● REQUIREMENT
For this exercise, output the entries below exactly from the line that holds "Challenger MT865E Diesel" to the line that holds "18. My Dresser", both ends included. No pictures belong in the copy.

● RECORD SET
[Start of Attachment]
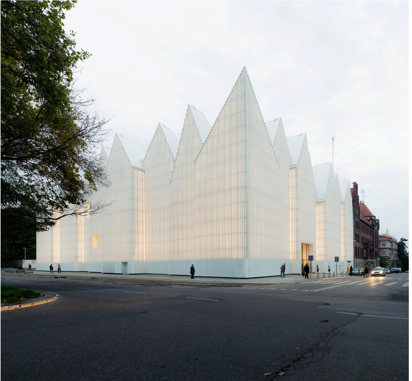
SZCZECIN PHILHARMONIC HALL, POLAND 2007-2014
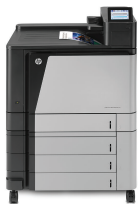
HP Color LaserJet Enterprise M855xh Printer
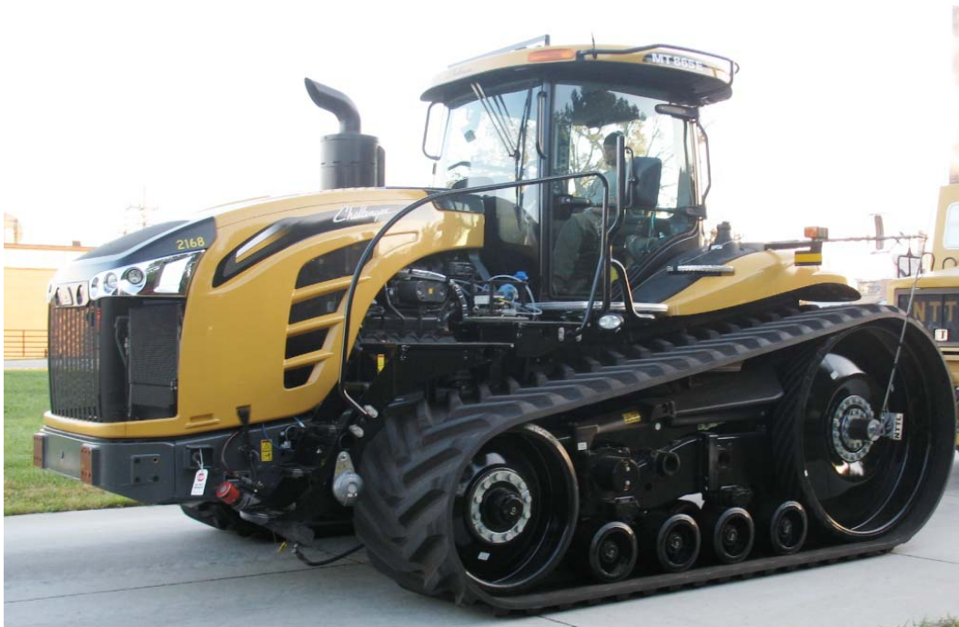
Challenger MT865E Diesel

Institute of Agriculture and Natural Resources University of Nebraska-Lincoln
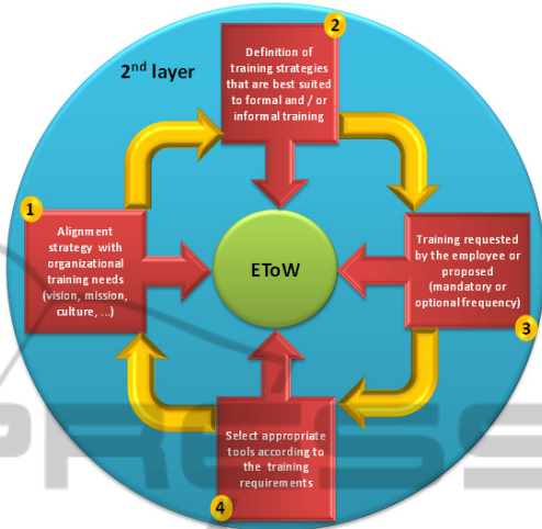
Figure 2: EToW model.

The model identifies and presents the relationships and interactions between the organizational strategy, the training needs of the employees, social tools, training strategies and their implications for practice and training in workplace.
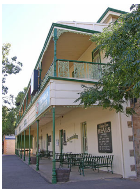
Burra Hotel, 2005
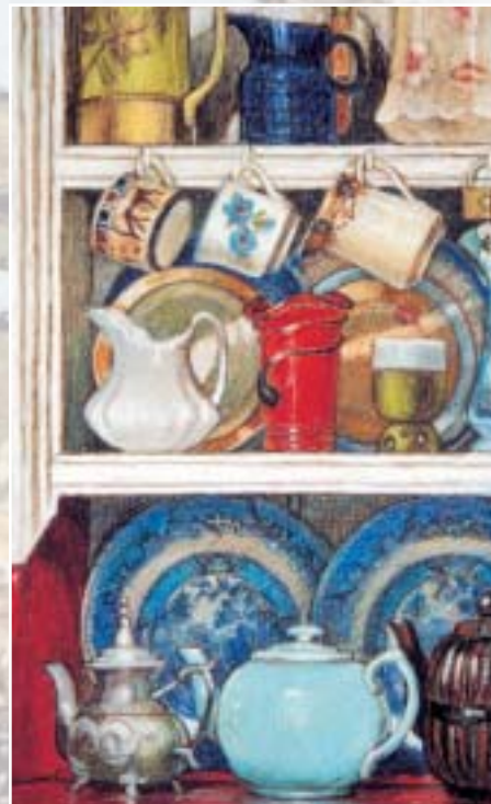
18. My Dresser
[End of Attachment]
[Start of Attachment]
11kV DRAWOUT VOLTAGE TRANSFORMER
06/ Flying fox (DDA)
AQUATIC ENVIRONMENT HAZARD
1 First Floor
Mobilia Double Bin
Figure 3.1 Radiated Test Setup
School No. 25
[End of Attachment]
● WRITTEN RESPONSE
Challenger MT865E Diesel

Institute of Agriculture and Natural Resources University of Nebraska-Lincoln
Figure 2: EToW model.

The model identifies and presents the relationships and interactions between the organizational strategy, the training needs of the employees, social tools, training strategies and their implications for practice and training in workplace.
Burra Hotel, 2005
18. My Dresser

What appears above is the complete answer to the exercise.